■ SOURCE MATERIAL ■
= = = = =
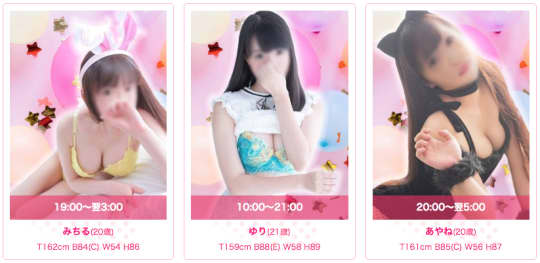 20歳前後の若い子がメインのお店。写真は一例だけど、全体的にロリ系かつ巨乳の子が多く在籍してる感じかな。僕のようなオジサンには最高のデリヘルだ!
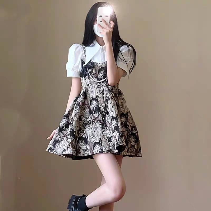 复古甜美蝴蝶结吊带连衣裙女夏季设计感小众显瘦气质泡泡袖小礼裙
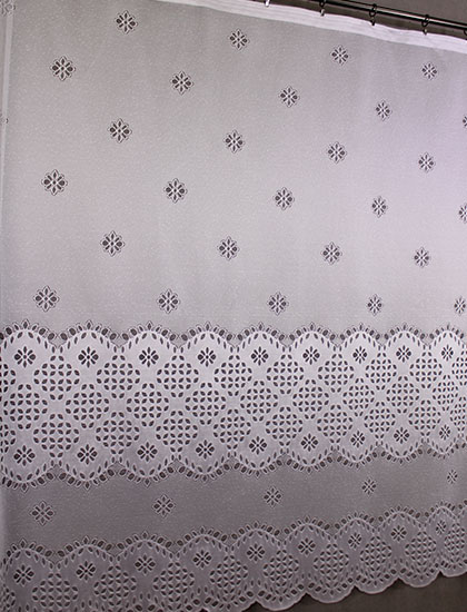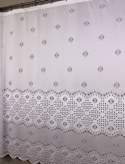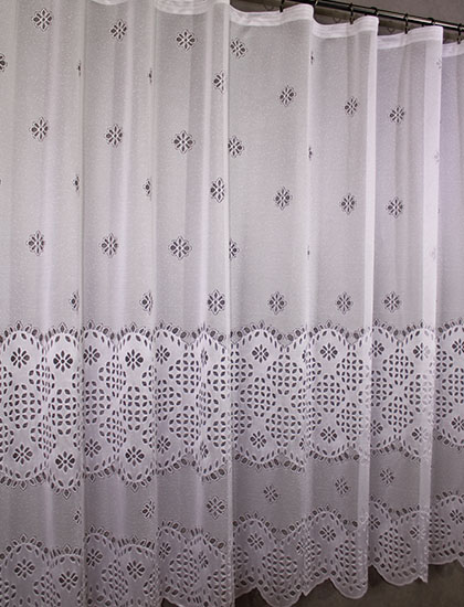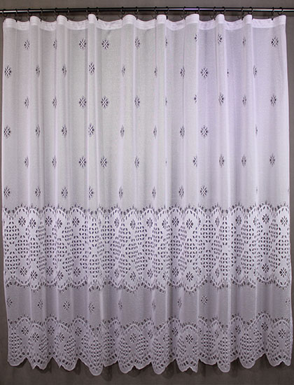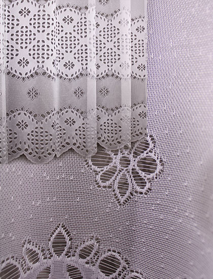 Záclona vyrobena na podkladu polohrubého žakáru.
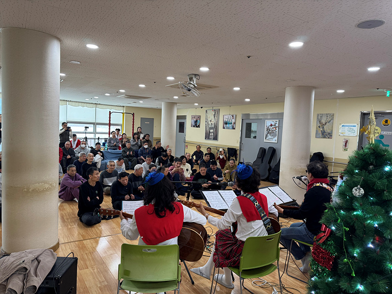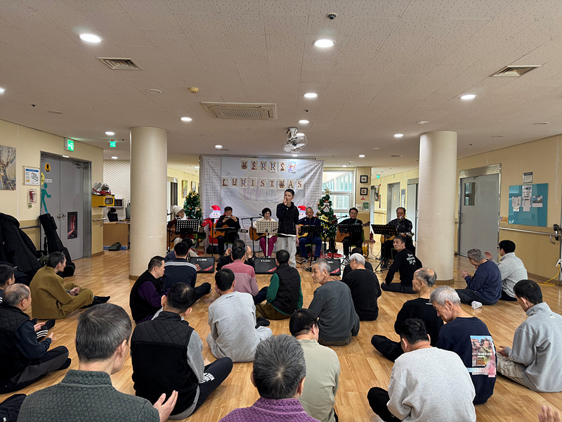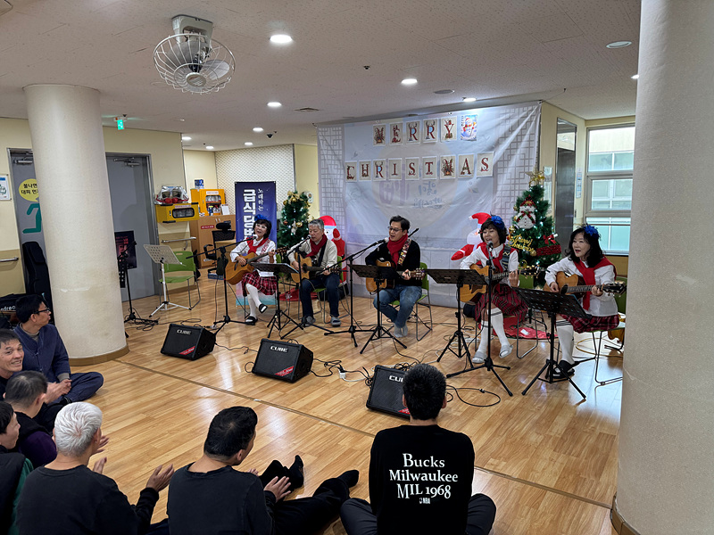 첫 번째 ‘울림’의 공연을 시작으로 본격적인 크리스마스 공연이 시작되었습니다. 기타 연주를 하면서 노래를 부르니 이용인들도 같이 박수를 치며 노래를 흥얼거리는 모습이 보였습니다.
= = = = =
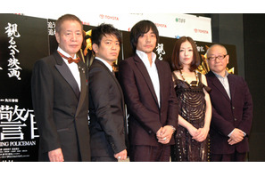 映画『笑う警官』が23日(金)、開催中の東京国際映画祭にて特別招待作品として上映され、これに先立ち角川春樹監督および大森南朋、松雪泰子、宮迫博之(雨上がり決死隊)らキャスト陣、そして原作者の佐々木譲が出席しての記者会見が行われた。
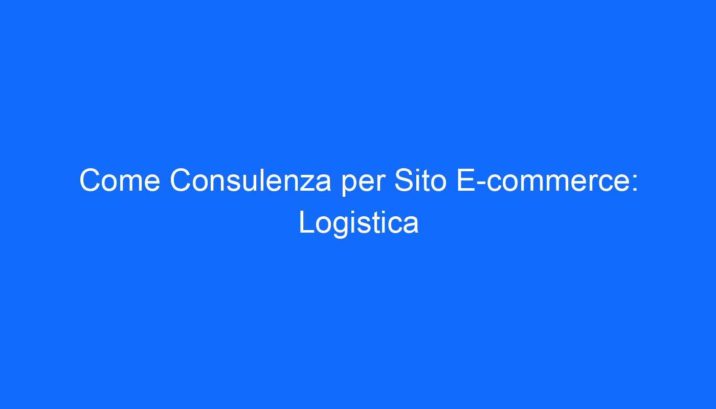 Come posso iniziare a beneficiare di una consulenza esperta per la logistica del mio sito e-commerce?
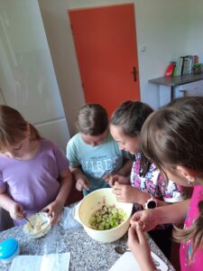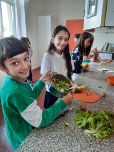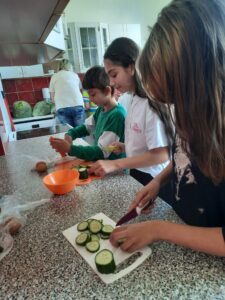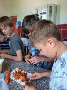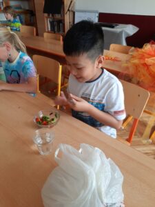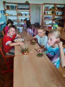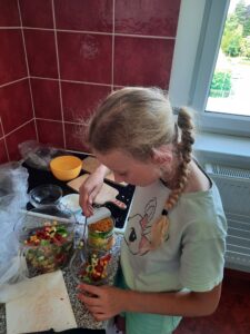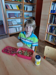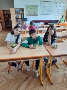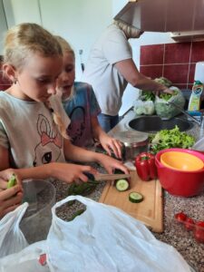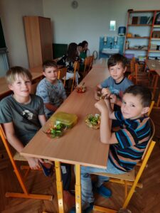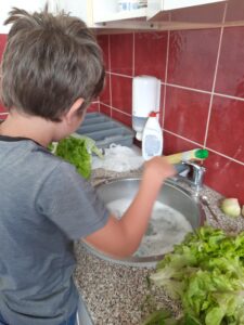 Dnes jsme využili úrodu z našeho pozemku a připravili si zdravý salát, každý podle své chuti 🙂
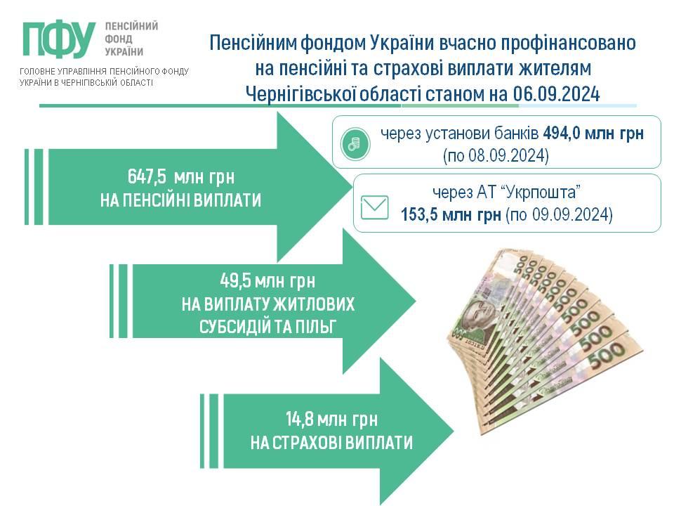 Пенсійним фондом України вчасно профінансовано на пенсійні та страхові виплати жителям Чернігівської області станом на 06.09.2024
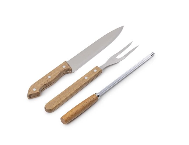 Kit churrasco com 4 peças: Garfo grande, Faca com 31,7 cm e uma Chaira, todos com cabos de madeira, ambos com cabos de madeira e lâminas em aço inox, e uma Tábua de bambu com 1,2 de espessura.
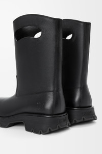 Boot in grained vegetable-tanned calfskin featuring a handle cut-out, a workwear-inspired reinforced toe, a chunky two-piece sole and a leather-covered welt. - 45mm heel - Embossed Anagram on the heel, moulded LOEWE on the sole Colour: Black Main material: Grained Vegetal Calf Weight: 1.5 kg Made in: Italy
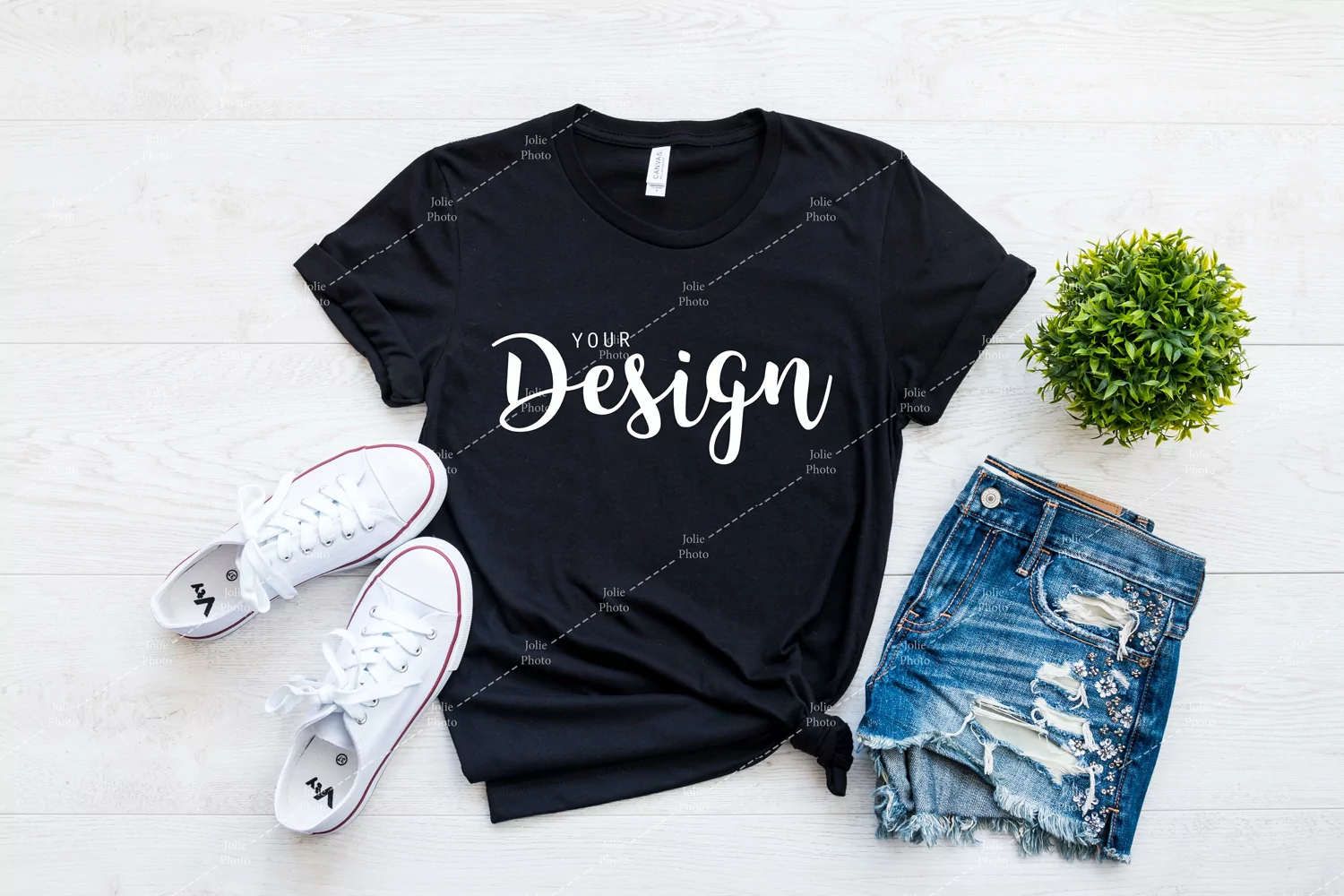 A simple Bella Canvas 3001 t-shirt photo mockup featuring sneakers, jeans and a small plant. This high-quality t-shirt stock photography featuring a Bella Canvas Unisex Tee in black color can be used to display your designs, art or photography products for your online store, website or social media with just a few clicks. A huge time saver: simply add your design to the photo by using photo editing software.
= = = = =
■ ASSIGNED TASK ■
Write down exactly what the lines above say, from the line holding "复古甜美蝴蝶结吊带连衣裙女夏季设计感小众显瘦气质泡泡袖小礼裙" through the line holding "첫 번째 ‘울림’의 공연을", and nothing more. Do not copy the pictures.

■ SOLUTION TO THIS PROBLEM ■
 复古甜美蝴蝶结吊带连衣裙女夏季设计感小众显瘦气质泡泡袖小礼裙
 Záclona vyrobena na podkladu polohrubého žakáru.
 첫 번째 ‘울림’의 공연을 시작으로 본격적인 크리스마스 공연이 시작되었습니다. 기타 연주를 하면서 노래를 부르니 이용인들도 같이 박수를 치며 노래를 흥얼거리는 모습이 보였습니다.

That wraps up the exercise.